[plt-scheme] Why do layman programmers care about Currying?

From: Grant Rettke (grettke at acm.org)
Date: Fri Jan 2 09:57:35 EST 2009

On Tue, Dec 30, 2008 at 11:44 PM, Richard Cleis <rcleis at me.com> wrote:
> On Dec 30, 2008, at 9:12 PM, Grant Rettke wrote:
>> Why do layman (working programmers) care about Currying? Or how are
>> they applied in daily use to help one out?
>
> I'm not sure if you are referring to 'using a function that curries other
> functions,' or if you mean (as the wikisnip says) "if you fix some
> arguments, you get a function of the remaining arguments." I manually do the
> latter frequently, and it's one of the reasons I like Scheme so much.

I don't understand the practical application of currying in Scheme, so
I'm not asking about one or the other; the wikipedia link was just my
going in position on trying to understand what is currying.

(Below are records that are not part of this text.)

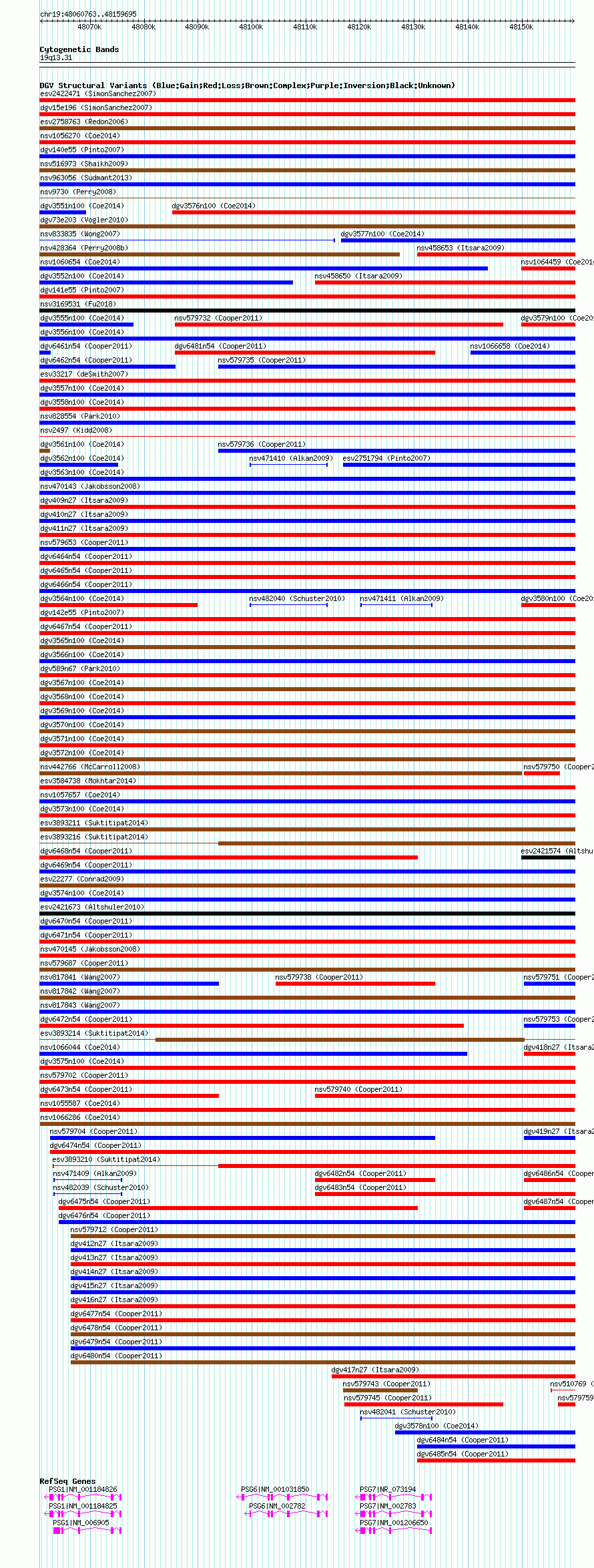 Variant DetailsVariant: nsv1055587| Internal ID | 19144806 | | Landmark | | | Location Information | | | Cytoband | 19q13.2 | | Allele length | | Assembly | Allele length | | hg38 | 98933 | | hg19 | 98933 | | hg18 | 98933 |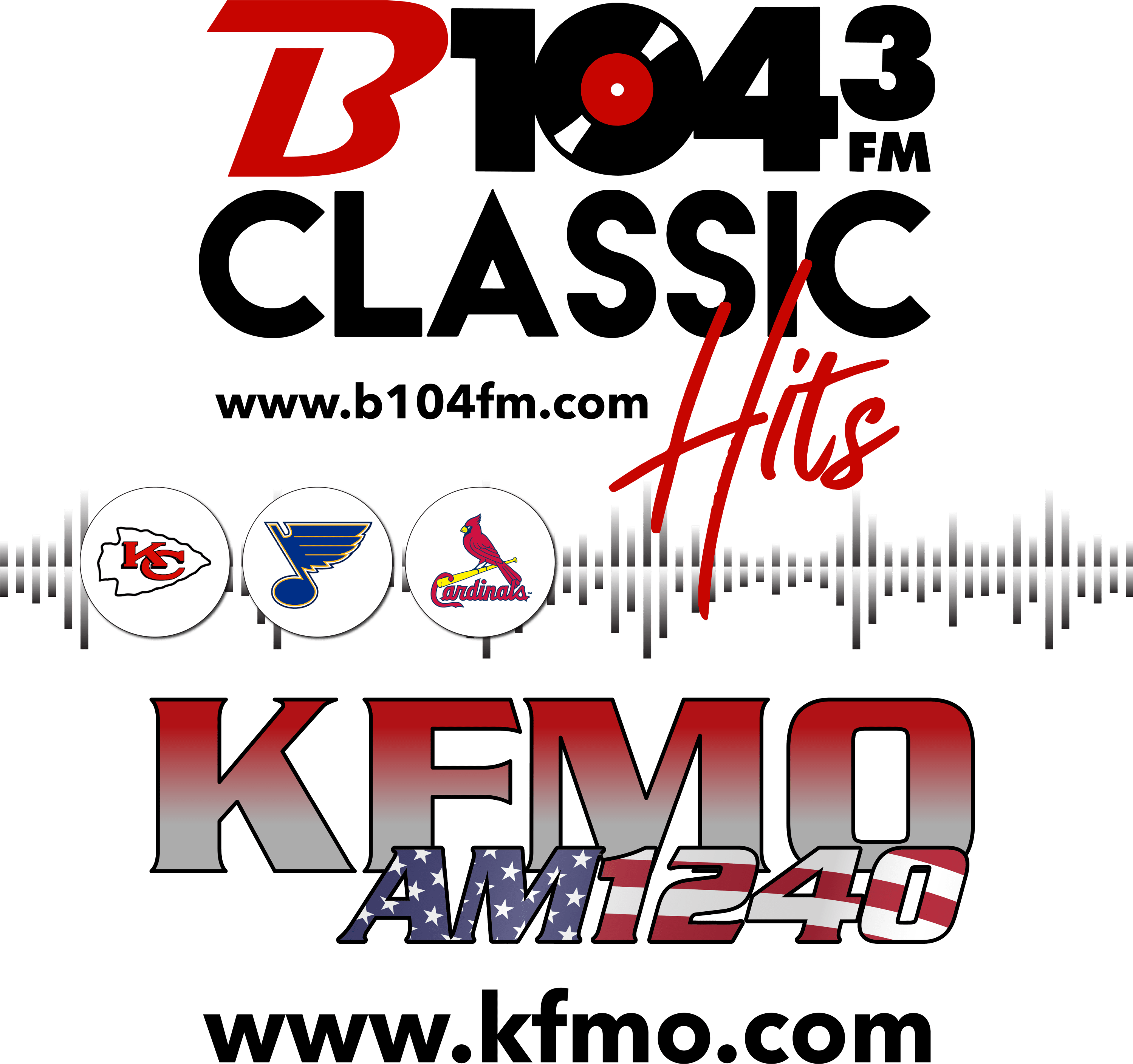 B104.3: Classic Hits- Music from the 60's, 70's and 80's,and early 90's. St. Louis Cardinals, St. Louis Blues KFMO AM: News/Talk, High School Sports, Kansas City Chiefs. Our radio and digital platforms offer excellent advertising opportunities for local businesses.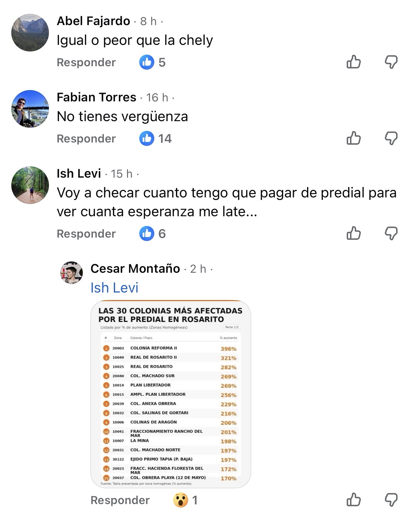 Diversos comentarios hicieron referencia a presuntos aumentos superiores al 150% en zonas habitacionales específicas, acompañados de llamados abiertos a la no participación en el pago del predial, expresiones que, aunque emitidas desde redes sociales, reflejan un nivel elevado de descontento fiscal. En paralelo, otros usuarios compartieron gráficos y listados no oficiales que circulan en plataformas digitales, atribuyendo alzas diferenciadas por colonia.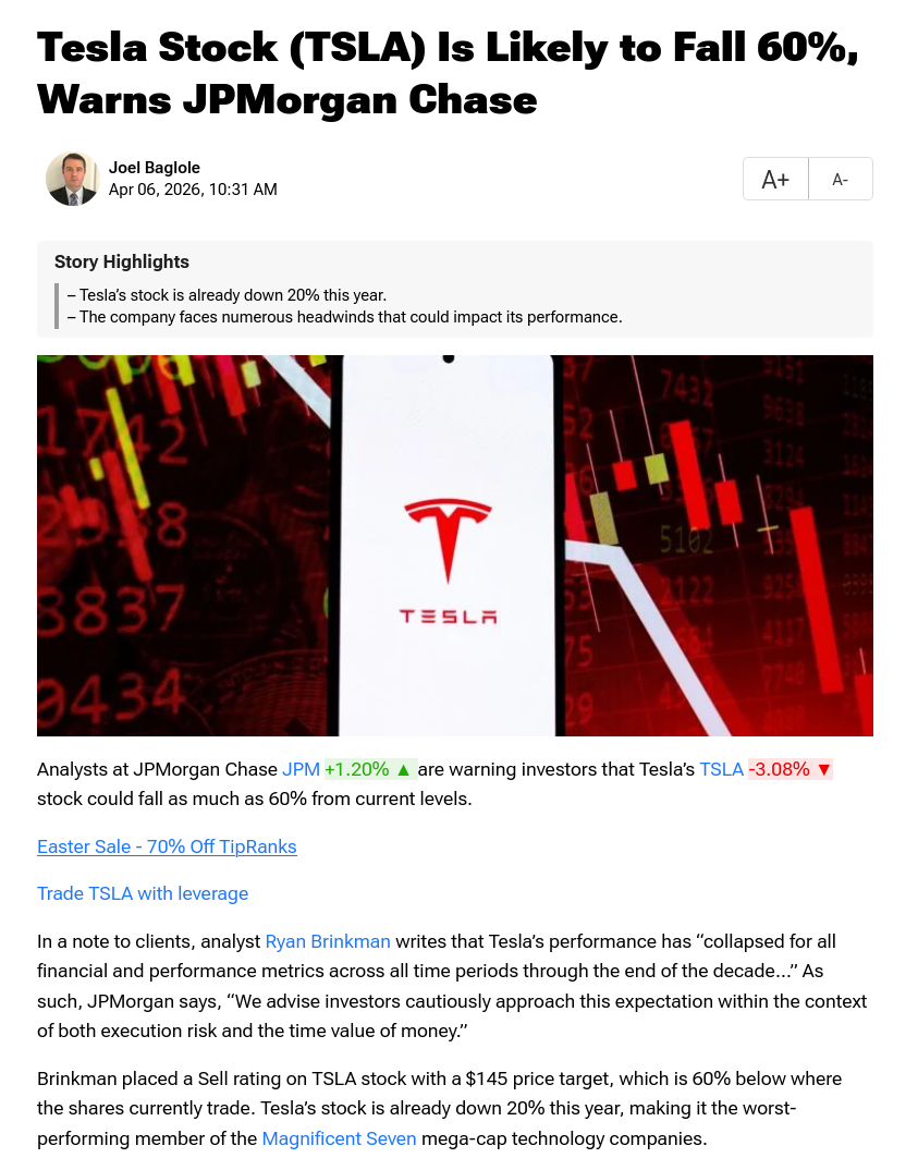 >>62083569The news isn't the news. It's useful for a bank to spread fud if they have puts/shorts on a particular position, to encourage you to sell.But elon is a faggot and I hope he loses everything and sucks dick to survive.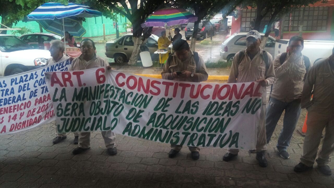 Coatzacoalcos, Ver.- Esta mañana, con todo y lluvia debido al paso de la depresión tropical Earl, trabajadores transitorios de PEMEX reclamaron la falta de empleo e inversión en los complejos petroquímicos de Coatzacoalcos.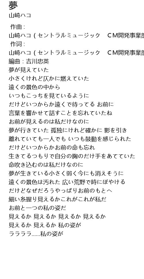 | [00:01.000] | 作词 : 山崎ハコ(セントラルミュージック CM開発事業部) |

When you do apply the latter, what are the idioms or patterns that you
most often encounter?

I understand the idea of using bindings to capture state, but I don't
see how that translates into normal usage. For example, if you write

(define (((foo a) b) c)
  (λ () (do-something-to a b c)))

you will get a function back 3 times, but only the third time is the
result you expect. How do you know when to stop, keep track of how
many times you called it? Is this a good example?